Yasuda and Funabashi [34] conducted sets of computer simulation on windfarm earthing system hit by lightning using digital transient simulator ARENE. However, their model consists of two turbines of 1MW each and local transformer spaced by 1km intervals arranged in three different ways as shown in figure (10). The analysis conducted by varying parameters such as the resistance is from 1W to 10W of wind turbine foundation resistance and inductance from 0 to 10mH in lumped constant and the impulse current 30kA with 2ms front wave and 70ms wave tail. The results show that the surge propagating form the thunderstruck wind turbine to the next one may become large depending on the condition of the earthing system. The lower wind turbine earth resistance provides safer protection. Moreover, the inductance has a large effect in terms of high earth impedance and high potentials around the struck turbine and to the next turbine due to the surge propagation. It was found that the arrangement B gives safer results than the other arrangements in terms of surge back-flow. They concluded that it's necessary to conduct more detailed analysis considering wind farm arrangement and wind turbine earth impedance in various soil resistivities.

Figure 10 Turbines arrangement and lightning struck reproduced from reference [34]

In subsequent paper Yasuda and Funabashi [35] studied the effect of the surge propagation resulted form wind turbine subjected to direct lightning to the next wind turbine. By using EMTP software and extended the investigation to include 10 interconnected wind turbines model with the influence of changing earth resistance value of individual wind turbine on the surge propagation. They reported that when the earth resistance high a great amount of transient current will flow into the thunder-struck turbine and quite high amount will propagate to the next turbines. This surge propagation decreases along the turbines until the 5th turbine the decrease became not noticeable, this can be explained by the effective length, the length at which no decrease beyond this point. When the earth resistance very small they noticed that the surge power at the thunder- struck turbine is weaker, but the surge propagation almost still the same to the distant turbine. The results show that the magnitude of the EPR higher when the resistance is high and weaker when the resistance is low but the propagation is independent from the resistance value.

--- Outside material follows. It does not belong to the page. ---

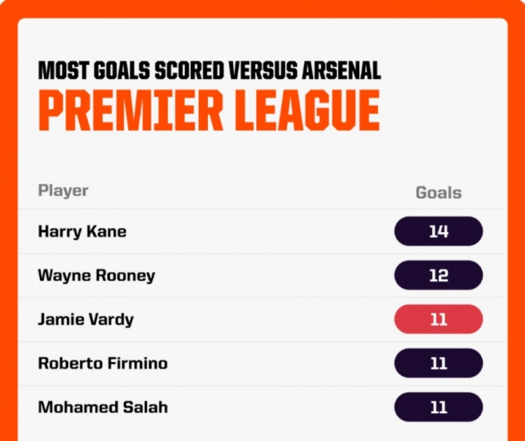 瓦爾迪英超對(duì)陣阿森納打進(jìn)11球歷史第三多,僅少于凱恩和魯尼

Kontargyri et al [] studied an interconnected wind turbines earthing system and the influence of the of the two layer soil model with various soil resistivity values for top and lower layer on the wind farm earthing system using CDEGS software for frequencies up to 1Mhz. The model adopted in their study is shown in figure 1 which containers 5 interconnected wind turbines. The burial depth of the outer ring 2.5m with radius of 6m, inside ring 0.9m with radius of 1.5m and the outer rectangular is 35X25m buried at 0.9m. The radius of the conductor and the length of the interconnected conductor between each turbine were not given. However, their results show that the impedance of the earthing system is lower as the top layer has low resistivity with high thickness also for low resistivity of the top layer with low depth the influence of the lower layer will be significant. Furthermore, the when the current injected to the central wind turbine the earth impedance will have a value compared to the injection to the terminal wind turbine. This simple mode may be can be used for prediction of the performance of the earthing system for low frequency. In order to obtain accurate results when the earthing system of the turbines subjected to impulse currents the above ground structure has an influence which is effect on the performance of the earthing system. Therefore, the steel tower for the wind farm should be included.

Interconnected wind turbine earthing system (Reproduced from reference 1)

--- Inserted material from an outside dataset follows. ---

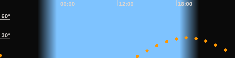 | Höchster Stand (Kulmination) | 19:04 Uhr (h = 31,5°) |

Yasuda [36] proposed installation of two rings attached to the nacelle and the tower as can be seen in figure number 11. These rings make the spark over between the two rings resulted form the lightning current to flow safely to the earth without damaging any part of the wind turbine. However, the author developed 1/100 scale model of 2MW wind turbine. The injection was made by using an impulse generator, 664 kV and 1.3micro second front time and 49 micro second tail were applied to the scale model a spark over was occurred between the two rings. The results show that the space between the two rings should be less than the space between the ring and the nacelle, in order to lead the current safely to the earth through the outer down conductor. Moreover, the author conducted a computer simulation to the same model using FDTD method to clarify the results. When compared the simulation results to the results obtained by the scale model were in good agreement. However, in order to recommend this method a field test using this proposal should be conducted.

Figure 11 proposal of the two ring electrode for lightning protection for wind turbine reproduced from reference [36]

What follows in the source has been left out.